- Problem to solve -
Reproduce the data below exactly. Skip the pictures.

- Supplied information -
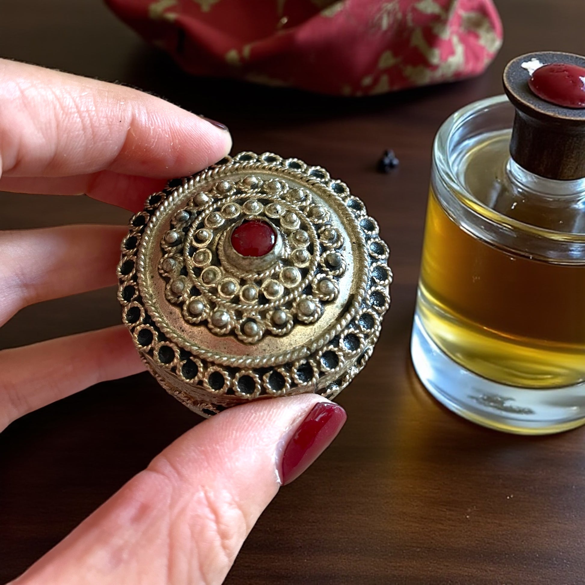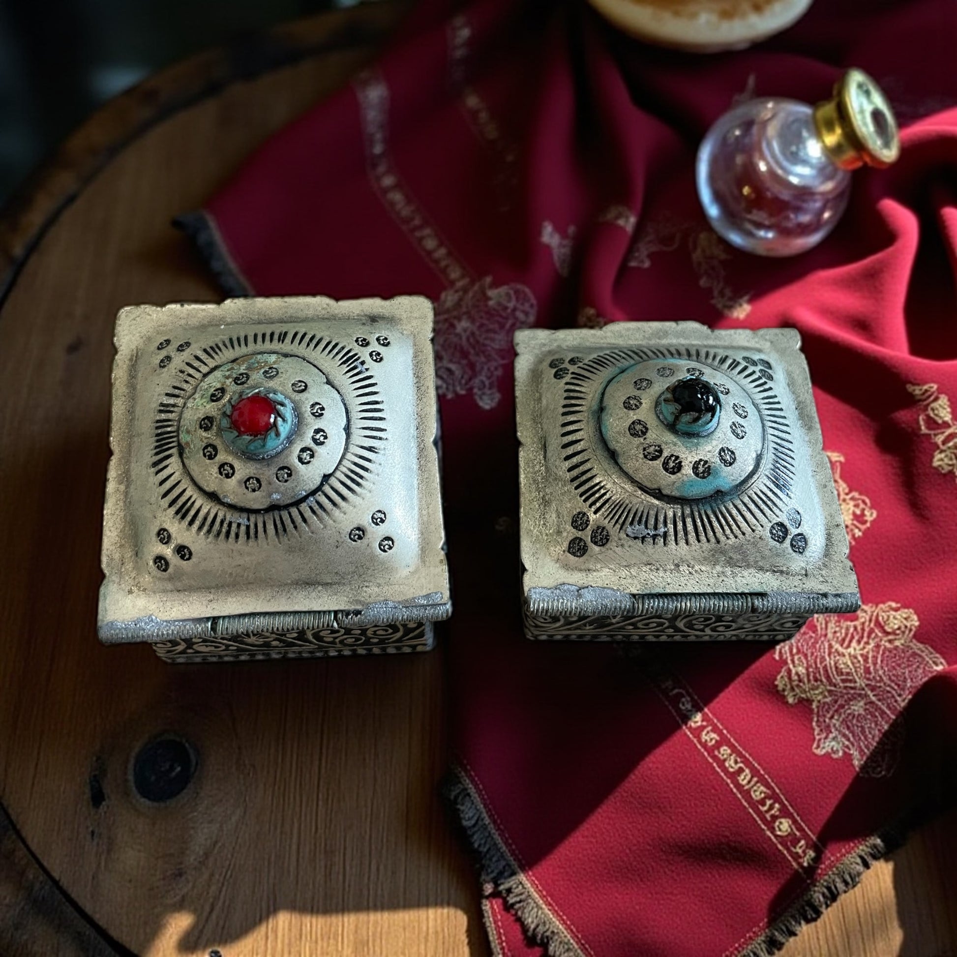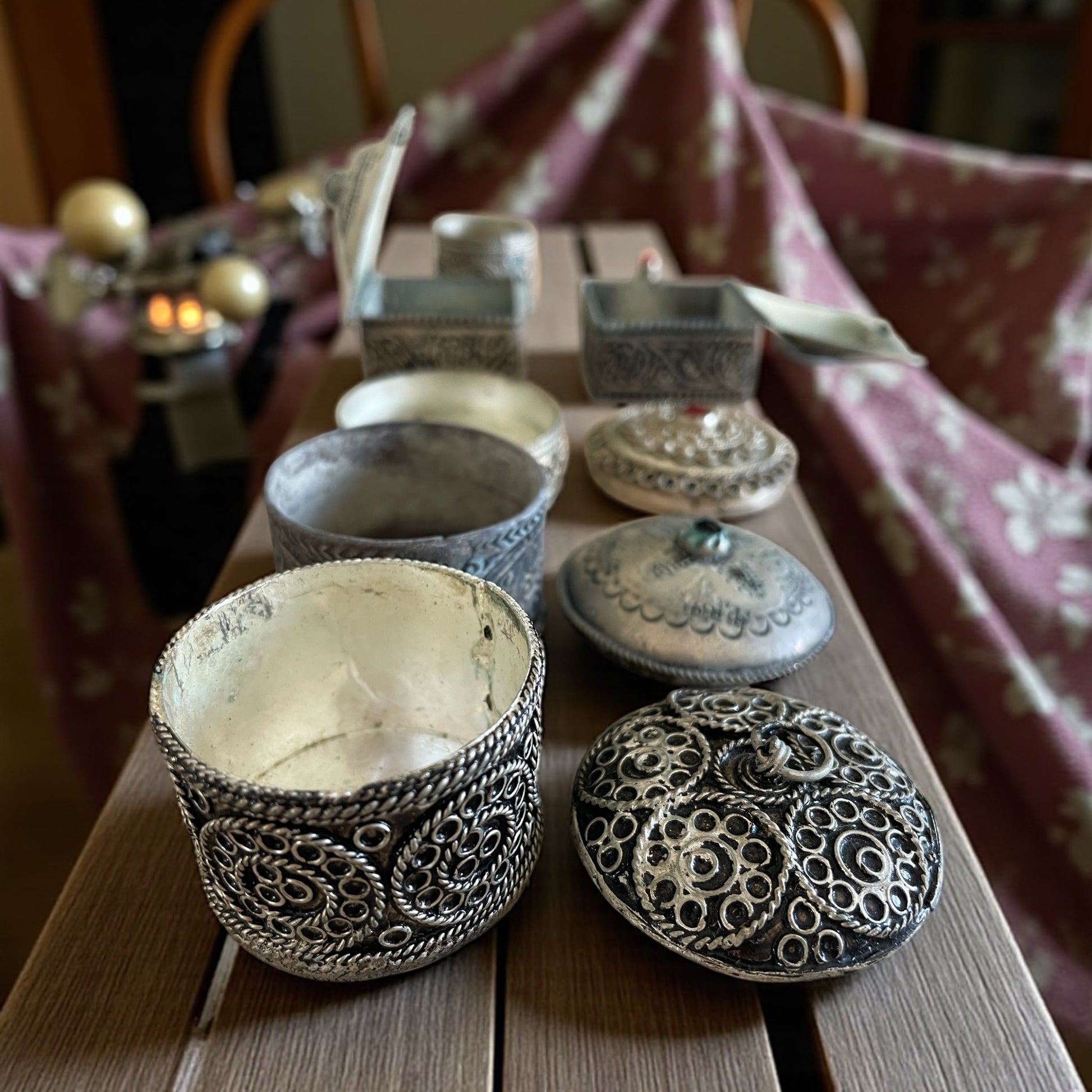 ✨ Un piccolo insieme di memorie d’Oriente, nato nella seconda metà del Novecento e arrivato fino a noi con la sua naturale patina del tempo. Sei contenitori in metallo argentato, decorati con motivi a rilievo e piccoli cabochon colorati, custodiscono ancora il fascino delle mani che li hanno plasmati. Ciascuno racconta un frammento di vita quotidiana: un flacone per oli profumati, scatoline per gioielli, piccoli scrigni per il tradizionale trucco orientale chiamato “khol” che evocano mercati lontani e tradizioni antiche. Perfetti per collezionisti o per chi ama arredare con dettagli unici e suggestivi. ✨
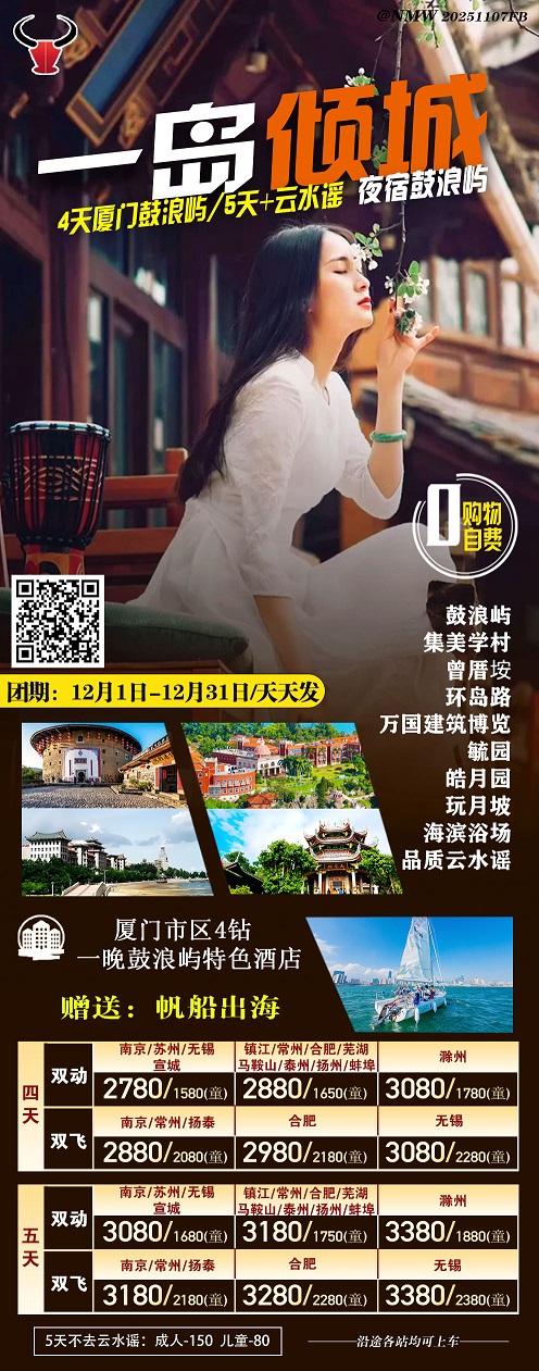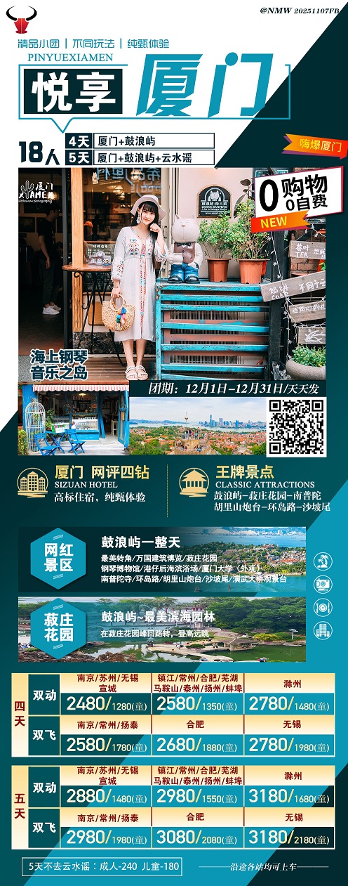 【悦享厦门:厦门鼓浪屿+云水谣4-5日游 0购物0自费 18人小团】.行程
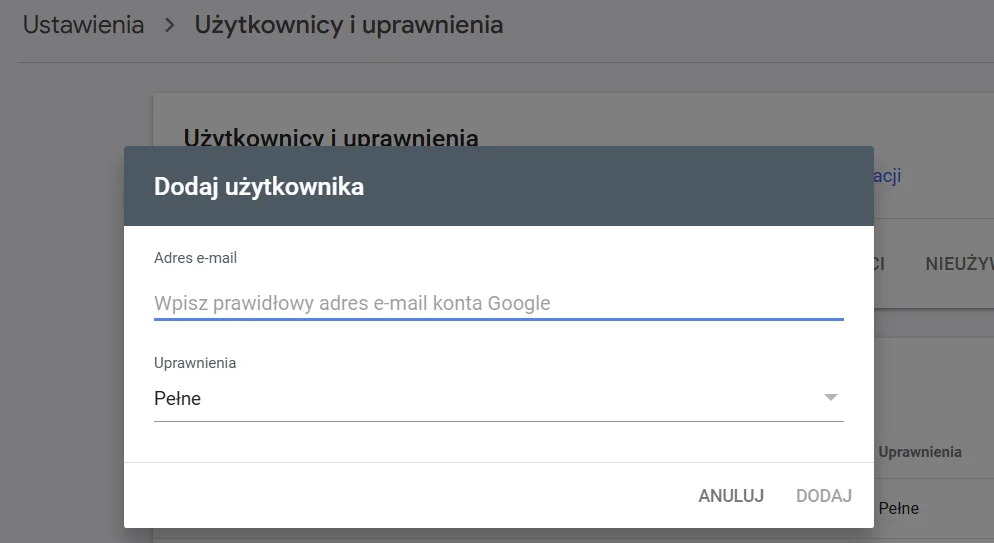 Gdy już wiesz, jaką rolę chcesz nadać, możemy przystąpić do działania. Poniższa instrukcja przeprowadzi Cię przez proces nadawania dostępu w GSC.

- Answer to this problem -
 ✨ Un piccolo insieme di memorie d’Oriente, nato nella seconda metà del Novecento e arrivato fino a noi con la sua naturale patina del tempo. Sei contenitori in metallo argentato, decorati con motivi a rilievo e piccoli cabochon colorati, custodiscono ancora il fascino delle mani che li hanno plasmati. Ciascuno racconta un frammento di vita quotidiana: un flacone per oli profumati, scatoline per gioielli, piccoli scrigni per il tradizionale trucco orientale chiamato “khol” che evocano mercati lontani e tradizioni antiche. Perfetti per collezionisti o per chi ama arredare con dettagli unici e suggestivi. ✨
 【悦享厦门:厦门鼓浪屿+云水谣4-5日游 0购物0自费 18人小团】.行程
 Gdy już wiesz, jaką rolę chcesz nadać, możemy przystąpić do działania. Poniższa instrukcja przeprowadzi Cię przez proces nadawania dostępu w GSC.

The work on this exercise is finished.